At the end of February we announced the arrival of the first US recession since 2009 and we predicted that the market will decline by at least 20% in (see why hell is coming). In these volatile markets we scrutinize hedge fund filings to get a reading on which direction each stock might be going. In this article, we will take a closer look at hedge fund sentiment towards W&T Offshore, Inc. (NYSE:WTI) at the end of the first quarter and determine whether the smart money was really smart about this stock.

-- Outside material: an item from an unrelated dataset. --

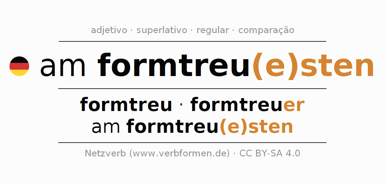 A declinação do adjetivo am formtreuesten (fiel à forma) utiliza as seguintes formas de comparação formtreu,formtreuer,am formtreuesten. As terminações para o comparativo e o superlativo são er/esten. O adjectivo am formtreuesten pode ser utilizado tanto como atributivo antes de um substantivo ou como predicativo junto com um verbo.Não se pode flexionar e comparar somente o adjetivo am formtreuesten, mas sim todos os adjetivos em alemão. Comentários ☆

W&T Offshore, Inc. (NYSE:WTI) was in 11 hedge funds’ portfolios at the end of March. WTI investors should pay attention to a decrease in hedge fund sentiment recently. There were 17 hedge funds in our database with WTI positions at the end of the previous quarter. Our calculations also showed that WTI isn’t among the 30 most popular stocks among hedge funds (click for Q1 rankings and see the video for a quick look at the top 5 stocks).
Video: Watch our video about the top 5 most popular hedge fund stocks.
Hedge funds’ reputation as shrewd investors has been tarnished in the last decade as their hedged returns couldn’t keep up with the unhedged returns of the market indices. Our research has shown that hedge funds’ small-cap stock picks managed to beat the market by double digits annually between 1999 and 2016, but the margin of outperformance has been declining in recent years. Nevertheless, we were still able to identify in advance a select group of hedge fund holdings that outperformed the S&P 500 ETFs by 58 percentage points since March 2017 (see the details here). We were also able to identify in advance a select group of hedge fund holdings that underperformed the market by 10 percentage points annually between 2006 and 2017. Interestingly the margin of underperformance of these stocks has been increasing in recent years. Investors who are long the market and short these stocks would have returned more than 27% annually between 2015 and 2017. We have been tracking and sharing the list of these stocks since February 2017 in our quarterly newsletter.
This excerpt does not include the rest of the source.